▸ TASK DIRECTIONS: Without copying any picture, transcribe exactly the lines of the data below from the one containing "Vanuit de keuken" through the one containing "低彩度で落ち着いたトーンの2".
═════ PROVIDED MATERIAL ═════
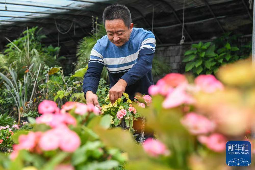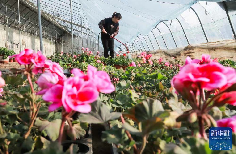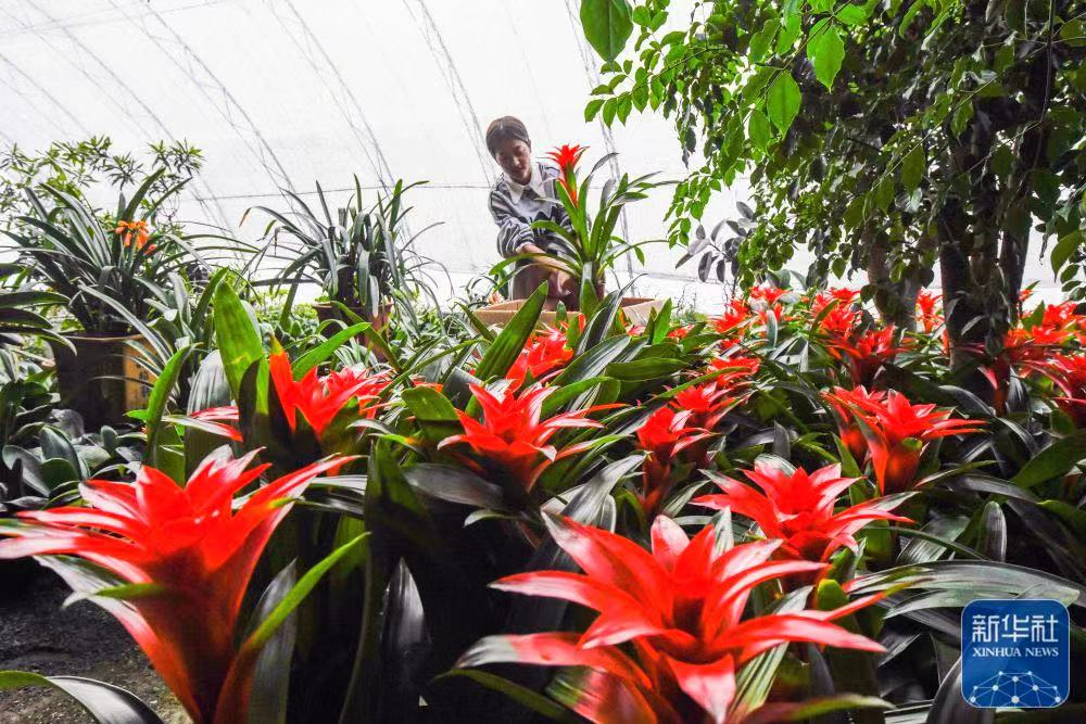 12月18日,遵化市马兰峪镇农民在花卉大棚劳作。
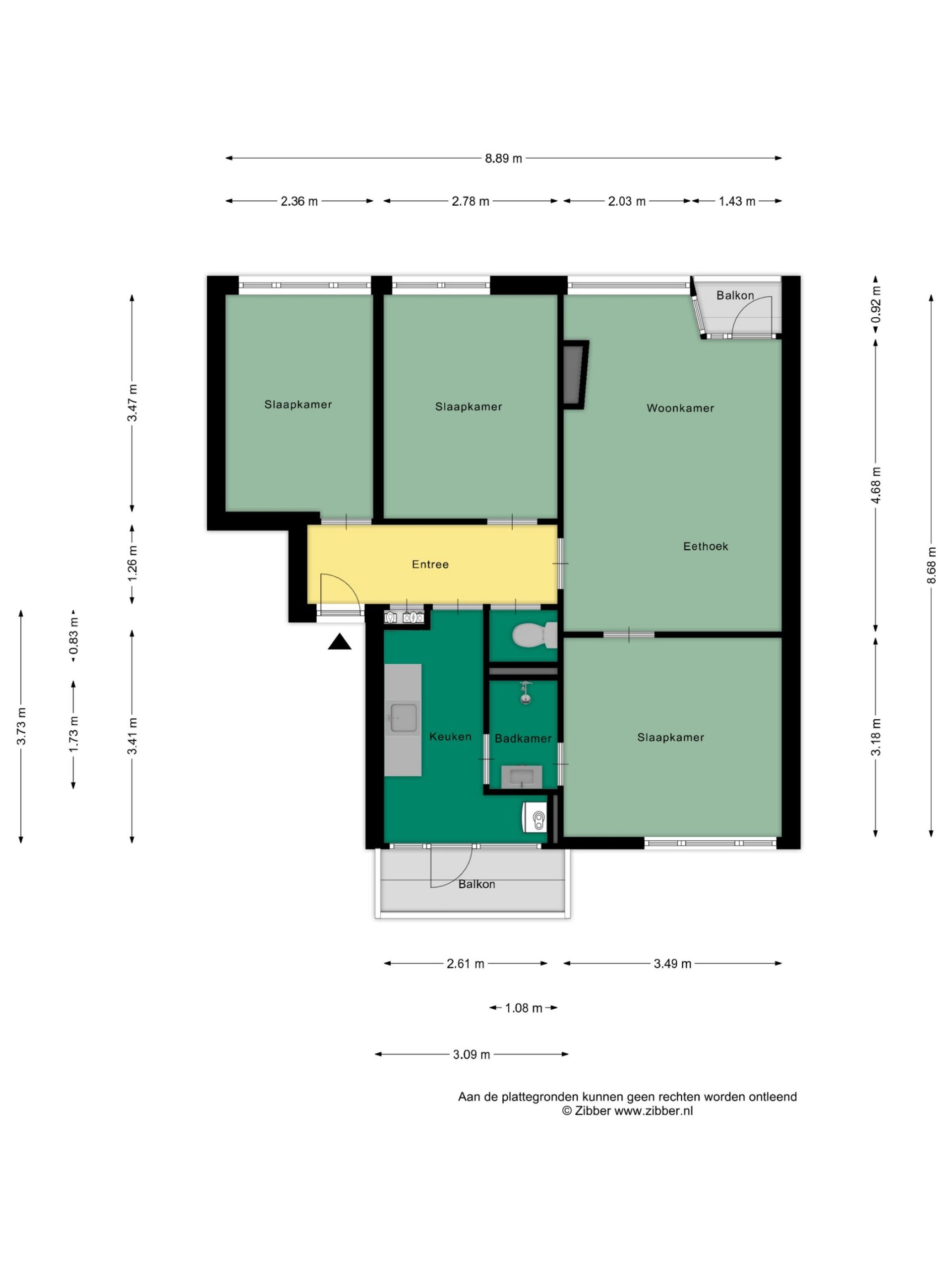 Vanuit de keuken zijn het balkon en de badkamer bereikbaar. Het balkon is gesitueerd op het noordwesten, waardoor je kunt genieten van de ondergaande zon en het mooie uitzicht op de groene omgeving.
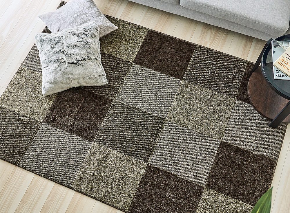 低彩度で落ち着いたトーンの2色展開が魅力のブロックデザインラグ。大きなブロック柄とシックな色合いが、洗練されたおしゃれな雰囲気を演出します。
═════
═════ PROVIDED MATERIAL ═════
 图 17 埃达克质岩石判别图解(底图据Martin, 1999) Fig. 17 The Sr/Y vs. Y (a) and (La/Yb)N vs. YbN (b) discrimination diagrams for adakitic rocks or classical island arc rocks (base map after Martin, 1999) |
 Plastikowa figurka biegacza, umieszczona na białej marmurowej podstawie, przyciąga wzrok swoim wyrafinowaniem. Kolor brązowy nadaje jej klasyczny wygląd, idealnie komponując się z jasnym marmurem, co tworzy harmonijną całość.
═════
▸ RESPONSE AREA:
 Vanuit de keuken zijn het balkon en de badkamer bereikbaar. Het balkon is gesitueerd op het noordwesten, waardoor je kunt genieten van de ondergaande zon en het mooie uitzicht op de groene omgeving.
 低彩度で落ち着いたトーンの2色展開が魅力のブロックデザインラグ。大きなブロック柄とシックな色合いが、洗練されたおしゃれな雰囲気を演出します。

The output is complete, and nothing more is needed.